The Quantas Flight 32 accident as described in https://www.atsb.gov.au/publications/investigation_reports/2010/aair/ao-2010-089.aspx and “In-flight uncontained engine failure Airbus A380-842, VH-OQA” (Australian Government ATSB Transport Safety Report Occurrence Investigation AO-2010-089, 27 Jun. 2013) is an example of what can happen when multiple aircraft systems fail simultaneously. In that accident, which occurred in early November 2010 while climbing through 7,000 ft after departing from Changi Airport, Singapore, the flight crew heard two ‘bangs’. The aircraft had sustained an uncontained engine rotor failure (UERF) of the No. 2 engine due to a fire caused by a crack that had developed in the oil feed pipe, causing the No. 2 engine to catch on fire and begin leaking fuel. Debris from the UERF impacted other parts of the aircraft, resulting in significant structural and systems damage. For example, a turbine disc from the damaged engine rotor detached and punched a huge hole in the wing.

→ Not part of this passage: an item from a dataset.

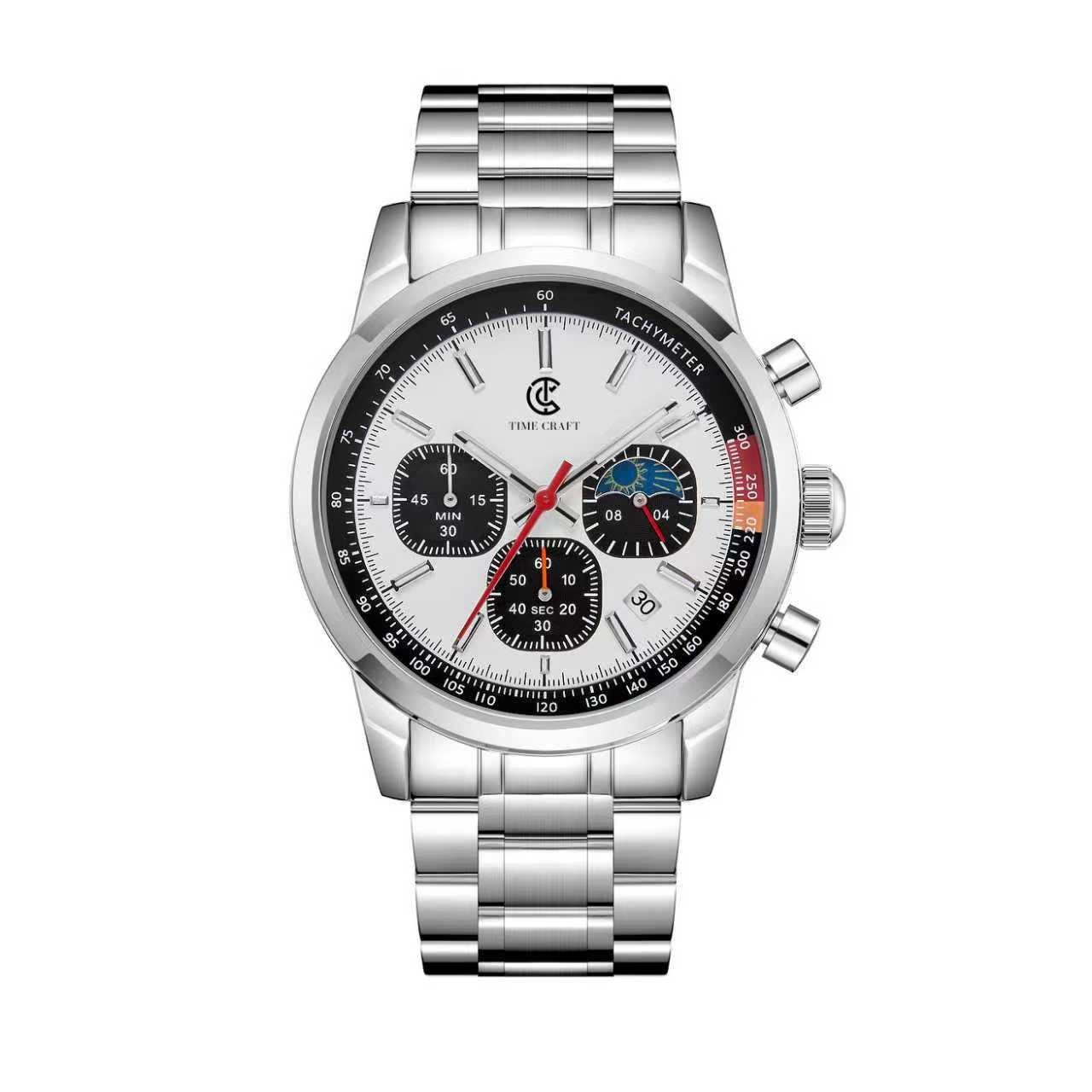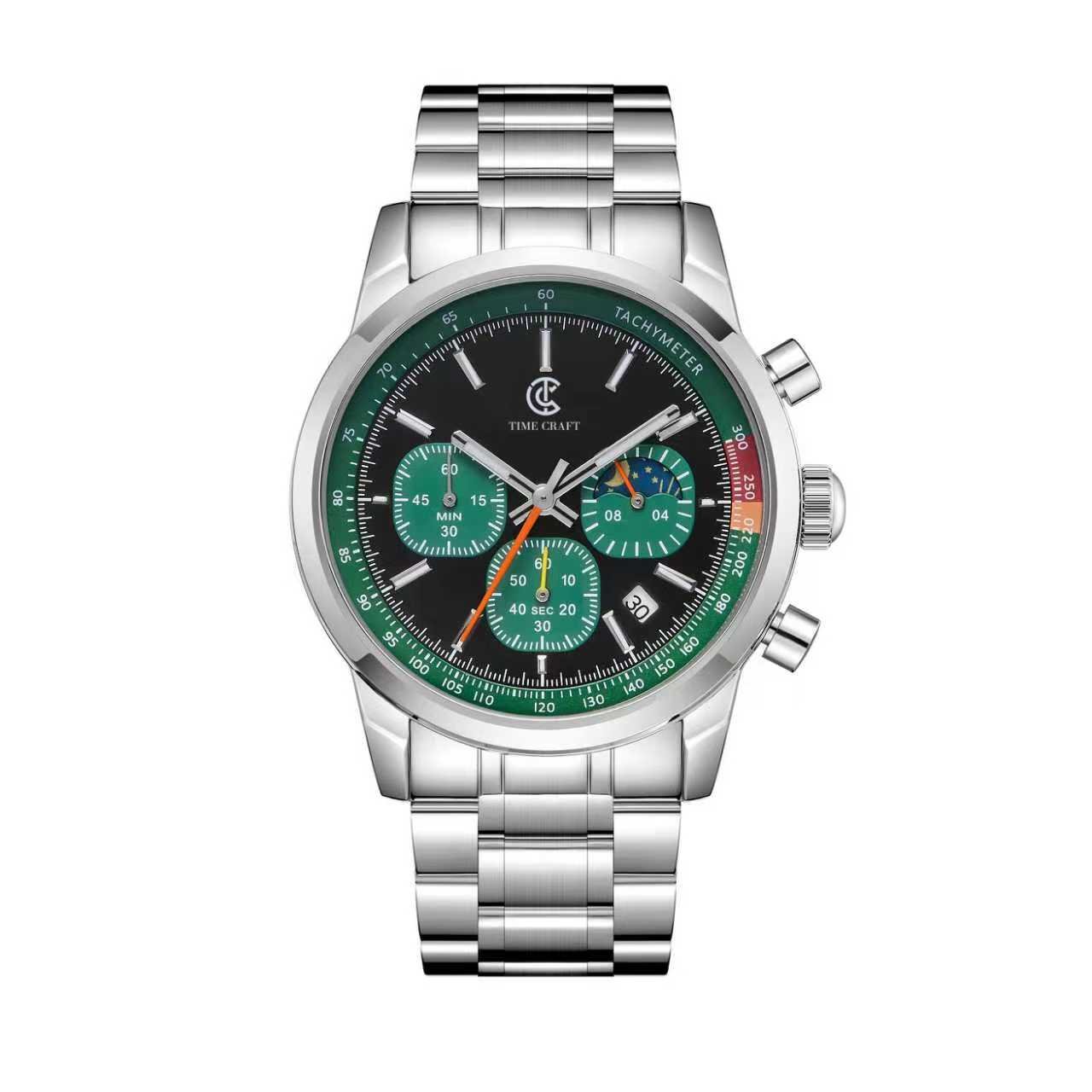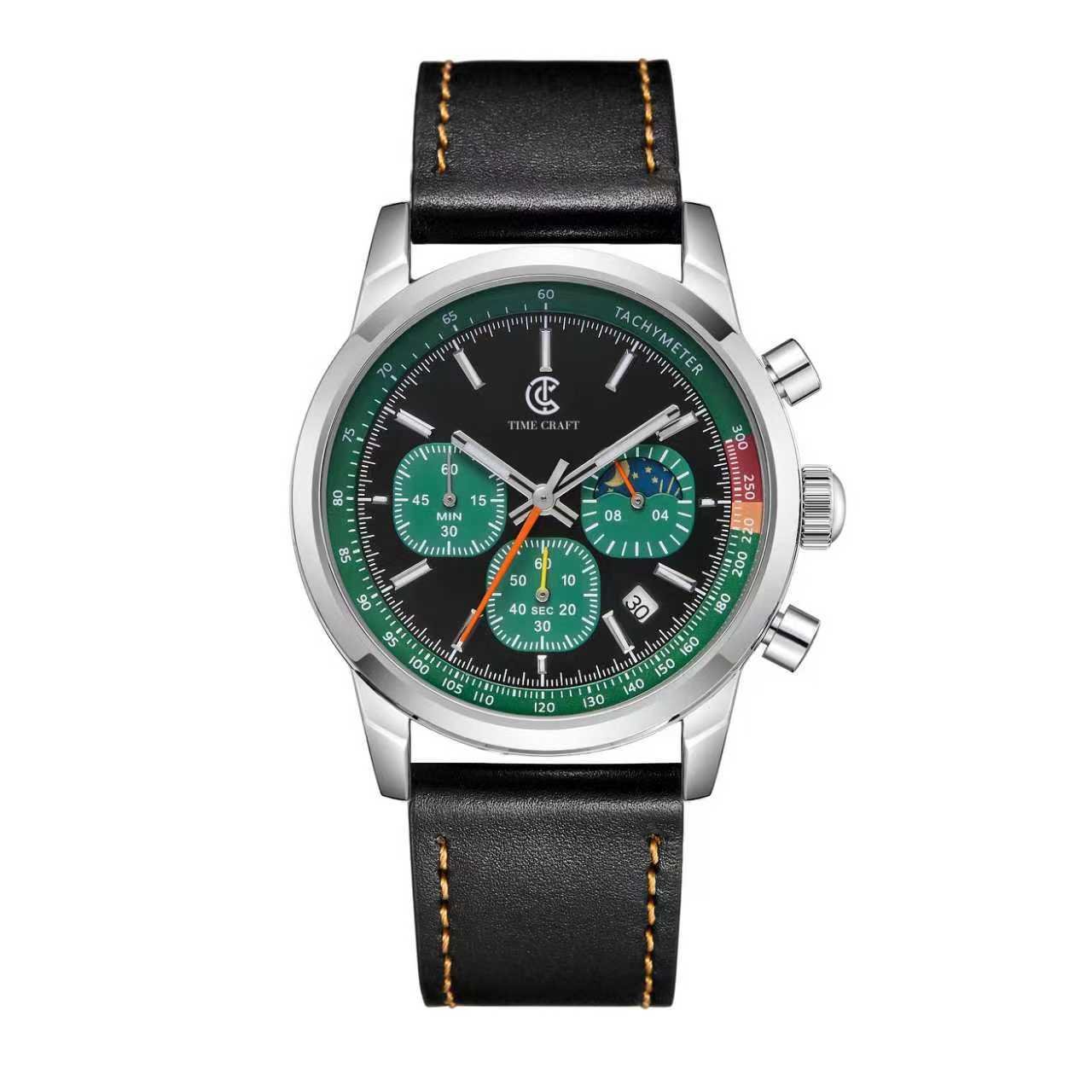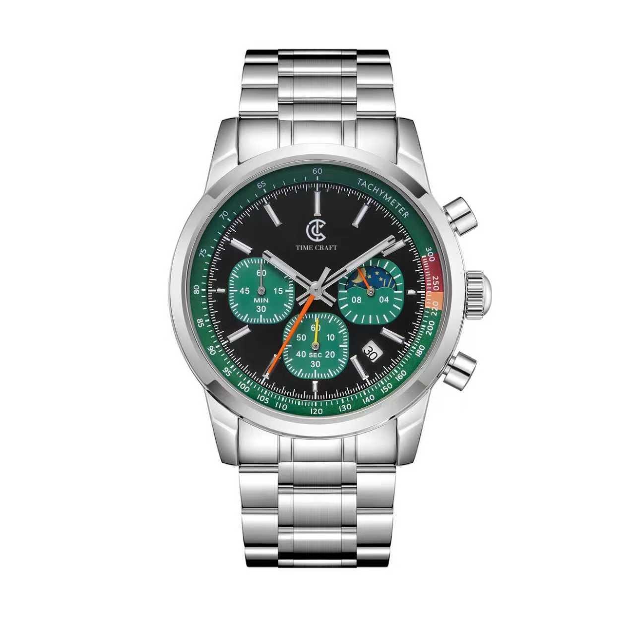 This watch includes chronograph sub-dials, date display, and quartz movement for accurate timekeeping and modern functionality. The tachymeter bezel and red second hand enhance its sporty yet classic appearance.

A number of warnings and cautions were displayed on the electronic centralized aircraft monitor (ECAM). The pilot's display indicated twenty-one of the plane's twenty-two major systems were damaged or completely disabled. As the plane's problems cascaded, the step-by-step instructions the ECAS display provided became so overwhelming that no one was certain how to prioritize or where to focus. Because so many systems were damaged, some instructions seemed to contradict other instructions.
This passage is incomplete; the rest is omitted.